In Boyd's optimization book, he explains the singular value decomposition of a matrix of rank $r$ can be written like this:
$$A \in R^{mxn} = U\text{diag}(\sigma)V^T = \sum_{i=1}^r \sigma_i u_i v_i^T\\
\text{where } u_i \in R^m \text{ are left singular vectors}\\
v_i \in R^n \text{ are right singular vectors}
$$
I don't understand this, because if $v_i$ are right (row) vectors, then shouldn't $v_i^T$ be left (column) vectors?
So doesn't this notation say we are multiplying a vector in $R^{mx1}$ with a vector in $R^{nx1}$ ?

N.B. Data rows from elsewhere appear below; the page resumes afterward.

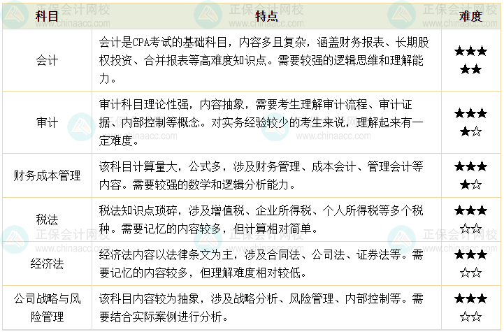 审计和财务成本管理紧随其后,分别因为其理论性强和计算量大而被认为难度较高。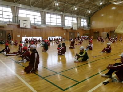 紅白対抗で体育館で行いました。運動場よりも跳びやすいと子どもたちには好評でした。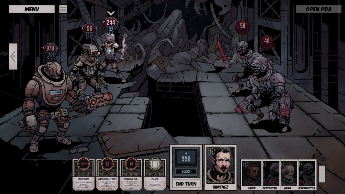 Окей, так, в общем, меня забросили в этот мир, где я исследую эти жуткие, заброшенные космические корабли. Я беру задания – некоторые из них очень опасны – и должен отбиваться от всяческих врагов, используя пошаговую боевую систему. Есть полноценная сюжетная кампания, которую можно пройти, а если я хочу быстрого испытания, то есть и режим арены. Но лучшая часть в том, что миссии разные каждый раз, когда я играю, так что есть тонны реиграбельности – я могу продолжать исследовать и сражаться долгое время!
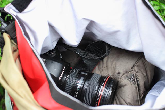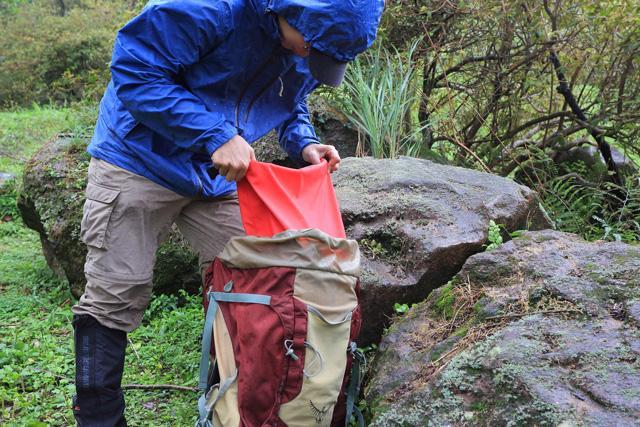 下雨時,可將重要器材放入防水背包中保護。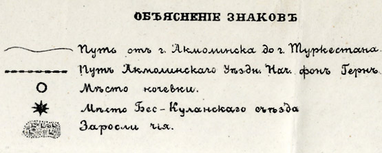 Карта к статье Г. фон Генре: "Поездка на реку Чу через пустыню Бедпак-дала". Масштаб 40 верст в дюйме. Записки Западно-Сибирского отдела Императорского русского географического общества.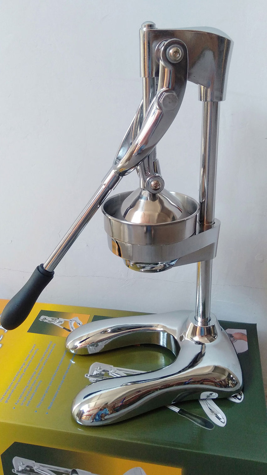 1.This machine is the manual model for pressing orange juice, made of stainless steel.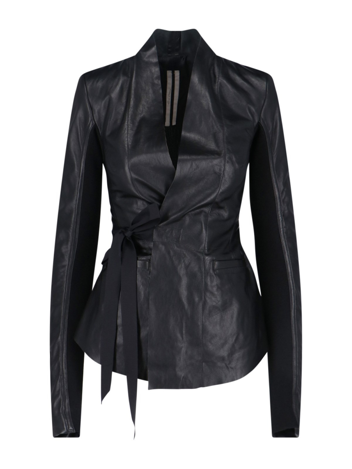 RICK OWENS 'HOLLYWOOD' JACKET IN BLACK LAMBSKIN WITH SHAWL LAPELS, LONG SLEEVES, TIE CLOSURE, TWO SIDE POCKETS, DRAPED BACK DETAIL, CURVED HEM. PRODUCT INFO PRODUCT CODE RP02E4707 LBY09 COMPOSITION: 100% LAMBSKIN SIZE AND FIT: SLIM FIT MADE IN: MOLDOVA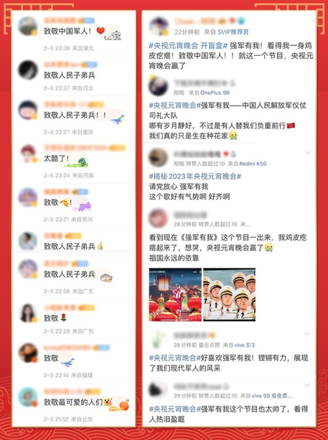 “請黨放心,強軍有我”“清澈的愛,獻給我的祖國”……聲聲誓言、字字鏗鏘。首次參加總臺元宵晚會的中國人民解放軍儀仗司禮大隊奏唱的歌曲《強軍有我》,不僅唱出中國軍人的拳拳赤子心,更唱出了“最可愛的人”那豪邁激情和磅礴氣勢。整齊劃一的動作、堅定有力的眼神讓無數(shù)網(wǎng)友直呼:“震撼!這就是中國排面”“為人民子弟兵熱淚盈眶”“致敬中國軍人!感謝你們?yōu)榇蠹邑撝厍靶小?。而網(wǎng)友們也用整齊一致的留言共同致敬“最可愛的人”。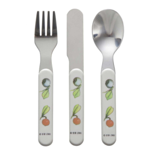Praktiskt och slitstarkt bestickset med kniv, gaffel och sked – perfekt utformat för små händer och munnar. Besticken ger barnet ett bra grepp och gör det enklare att äta själv på ett tryggt och bekvämt sätt.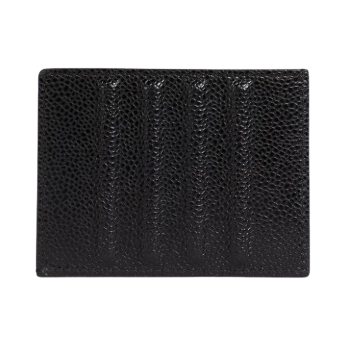 Thom Browne Pebble Grain Leather Debossed 4-Bar Note Compartment Card Holder Black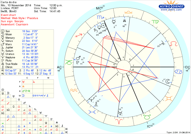 A semana começa com sinais claros que algo de muito forte está a acontecer que muda a nossa perspectiva de segurança e de responsabilidade, para bem ou para mal. Relações, dinheiro, dependências ou poder, questões de vida e de morte mesmo que só metafóricas, são os temas que nos ocupam com Sol, Vénus e Saturno já em conjunção larga em Escorpião. Marte e Plutão conjuntos em Capricórnio fazem cair muros, erguer arranha-céus, transformam estruturalmente as nossas vidas, dos ossos aos alicerces, passando por organizações de governo ou quaisquer outras que moldem as bases em que nos apoiamos. A Lua hoje e amanhã activa a partir do Caranguejo a quadratura de Urano a Plutão e a necessidade de apoio, de raízes, casa, de segurança, do que nos é familiar é a grande carência que temos que ultrapassar. Como a Lua começa por fazer trígono a Mercúrio em Escorpião e a Neptuno em Peixes, é provável que seja com o coração na boca que abordamos em diálogo o que nos faz falta e que sonhamos realizar. Mas há que aceitar os limites, restrições e responsabilidades que Vénus conjunta a Saturno acata, um aspecto de revela despesas elevadas, e a importância de fazer bem as contas ao que se tem e se deve, material e emocionalmente. Marte e Plutão em semi-quadratura a Saturno dão o toque de frustração de que são feitas as revoluções. É uma semana em que muita coisa pode mudar de mãos, uma obra construída ou paredes caídas, mais um passo na construção de novos paradigmas de ordem e segurança.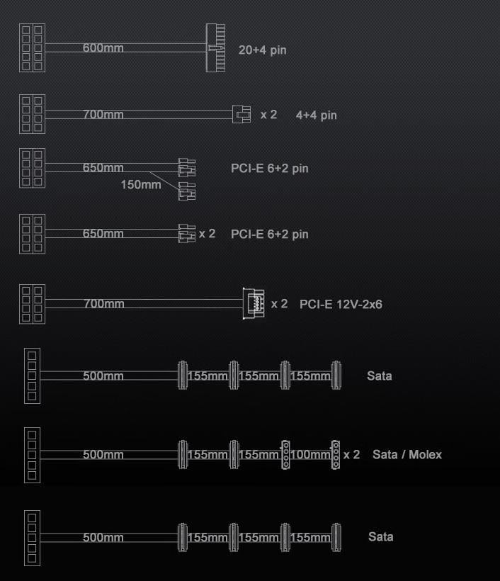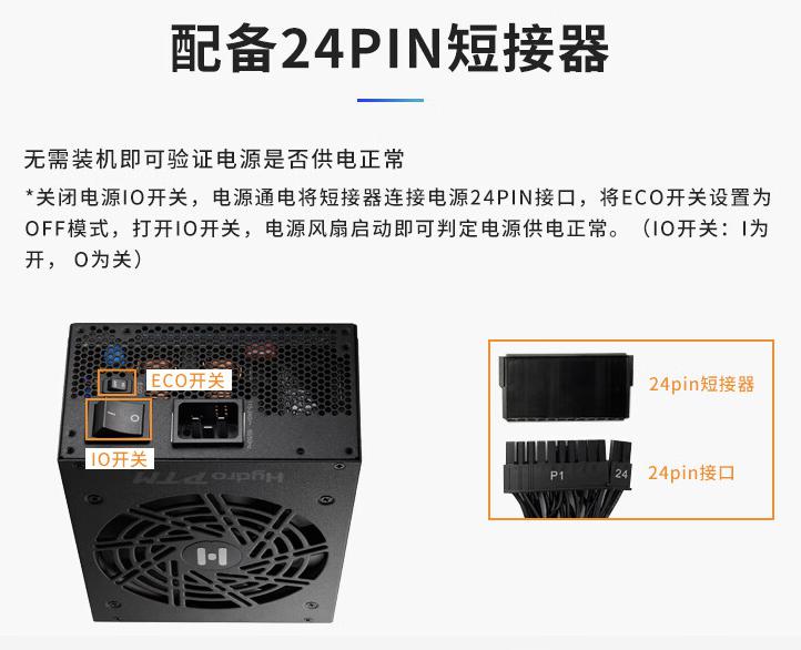 接口方面,这款电源配备 PCl-e 5.1(12V-2x6)接口,配套 12Pin+4Pin 线材;并配有 24PIN 短接器,无需装机即可验证电源是否供电正常。

I think the $\sigma_i$'s are scalars.
Best Answer
$U \in \mathbb{R}^{m \times r}, V \in \mathbb{R}^{n \times r}$, each $v_i$ is a column vector and $v_i^T$ are row vectors.. \begin{align} U \Sigma V^T = \begin{bmatrix} u_1 \ldots, u_r\end{bmatrix} \begin{bmatrix} \sigma_1 v_1^T \\ \vdots \\ \sigma _rv_r^T\end{bmatrix} = \sum_{i=1}^r \sigma_i u_i v_i^T \end{align}